Records for the exercise
-------------------------
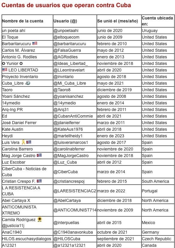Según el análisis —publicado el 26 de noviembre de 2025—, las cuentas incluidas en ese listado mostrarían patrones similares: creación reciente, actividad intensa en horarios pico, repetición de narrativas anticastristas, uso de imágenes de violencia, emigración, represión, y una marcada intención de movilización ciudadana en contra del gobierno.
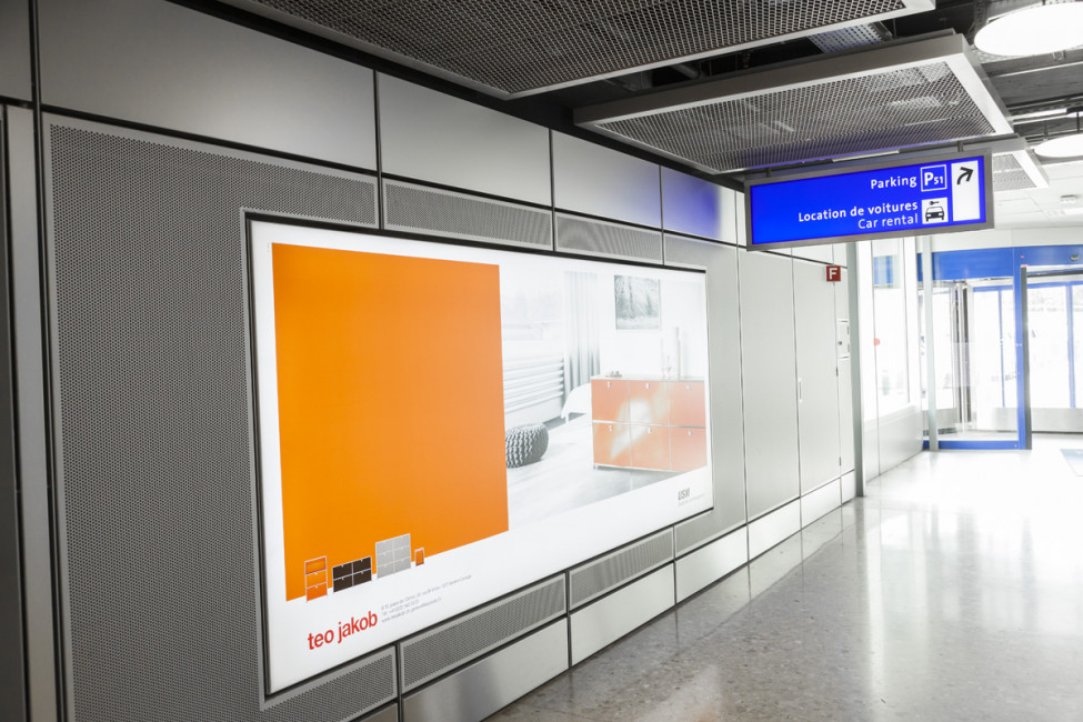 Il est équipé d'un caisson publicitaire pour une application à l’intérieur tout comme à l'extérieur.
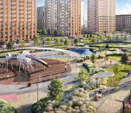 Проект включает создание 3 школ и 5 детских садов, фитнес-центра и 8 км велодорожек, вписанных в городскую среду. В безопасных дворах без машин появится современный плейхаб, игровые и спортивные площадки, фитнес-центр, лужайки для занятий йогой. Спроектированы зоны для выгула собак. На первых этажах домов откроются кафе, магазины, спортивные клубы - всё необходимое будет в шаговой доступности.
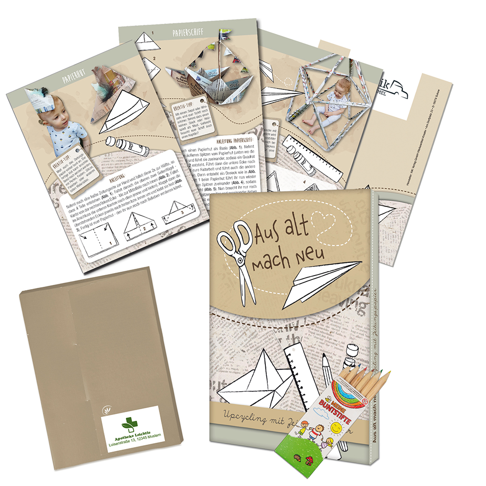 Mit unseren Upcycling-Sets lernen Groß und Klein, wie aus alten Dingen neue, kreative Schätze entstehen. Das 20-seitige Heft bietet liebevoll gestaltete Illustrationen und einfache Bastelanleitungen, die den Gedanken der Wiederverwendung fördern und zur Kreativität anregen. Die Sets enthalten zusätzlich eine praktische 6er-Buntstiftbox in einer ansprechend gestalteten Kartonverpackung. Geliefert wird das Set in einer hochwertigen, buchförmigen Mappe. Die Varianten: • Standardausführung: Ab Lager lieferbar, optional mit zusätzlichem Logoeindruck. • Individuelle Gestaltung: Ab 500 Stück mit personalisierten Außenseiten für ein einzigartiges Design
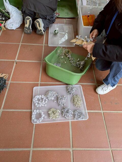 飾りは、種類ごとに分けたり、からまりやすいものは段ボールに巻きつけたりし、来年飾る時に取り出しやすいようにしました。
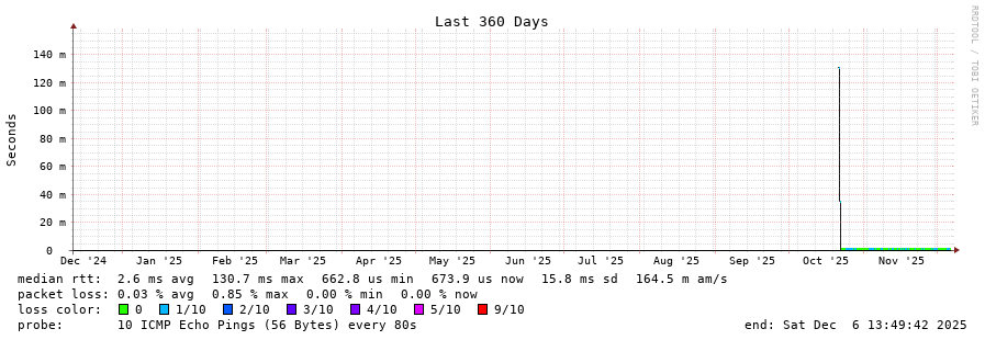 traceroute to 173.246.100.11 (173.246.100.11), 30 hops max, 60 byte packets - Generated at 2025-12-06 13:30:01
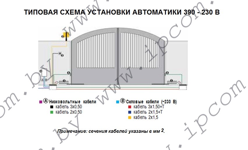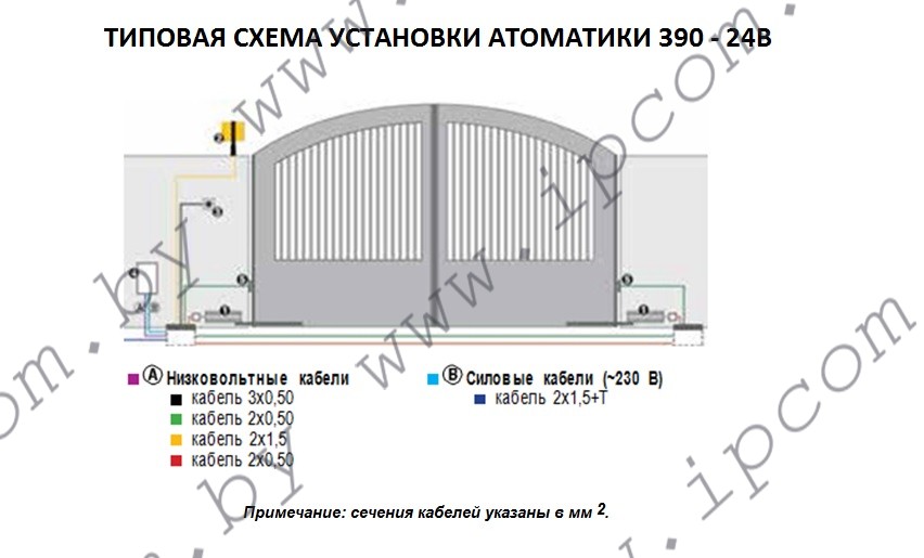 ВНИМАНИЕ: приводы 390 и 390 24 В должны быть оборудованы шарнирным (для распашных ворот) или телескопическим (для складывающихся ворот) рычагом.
-------------------------
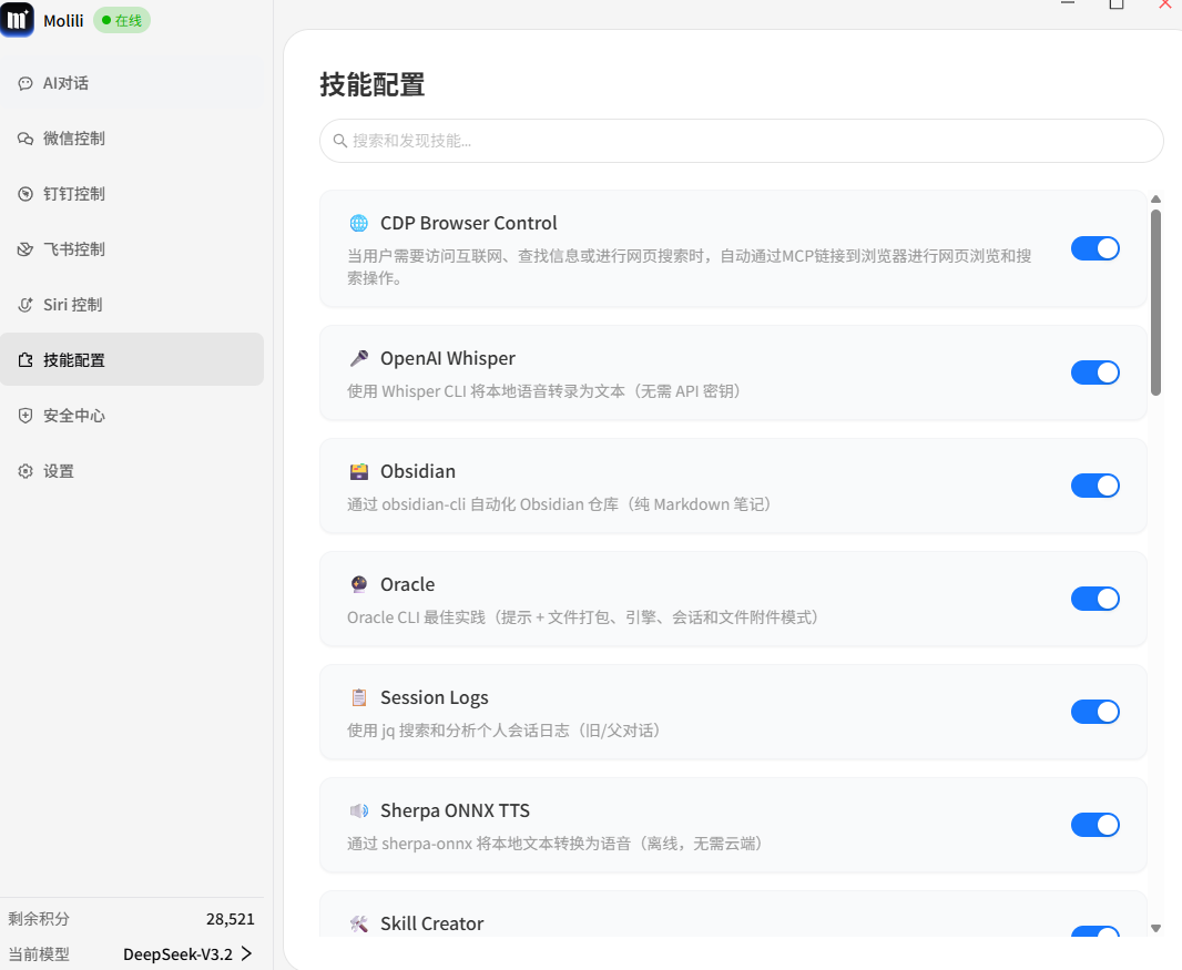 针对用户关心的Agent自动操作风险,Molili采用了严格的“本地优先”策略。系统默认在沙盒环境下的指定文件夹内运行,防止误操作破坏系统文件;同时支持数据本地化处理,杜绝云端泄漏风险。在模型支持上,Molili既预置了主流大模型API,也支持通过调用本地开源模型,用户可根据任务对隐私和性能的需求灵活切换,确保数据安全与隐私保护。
-------------------------
Task directions
Print, word for word, the lines above that run from the line containing "Según el análisis" to the line containing "Проект включает создание", both included. Keep the pictures out.

The completed task
Según el análisis —publicado el 26 de noviembre de 2025—, las cuentas incluidas en ese listado mostrarían patrones similares: creación reciente, actividad intensa en horarios pico, repetición de narrativas anticastristas, uso de imágenes de violencia, emigración, represión, y una marcada intención de movilización ciudadana en contra del gobierno.
 Il est équipé d'un caisson publicitaire pour une application à l’intérieur tout comme à l'extérieur.
 Проект включает создание 3 школ и 5 детских садов, фитнес-центра и 8 км велодорожек, вписанных в городскую среду. В безопасных дворах без машин появится современный плейхаб, игровые и спортивные площадки, фитнес-центр, лужайки для занятий йогой. Спроектированы зоны для выгула собак. На первых этажах домов откроются кафе, магазины, спортивные клубы - всё необходимое будет в шаговой доступности.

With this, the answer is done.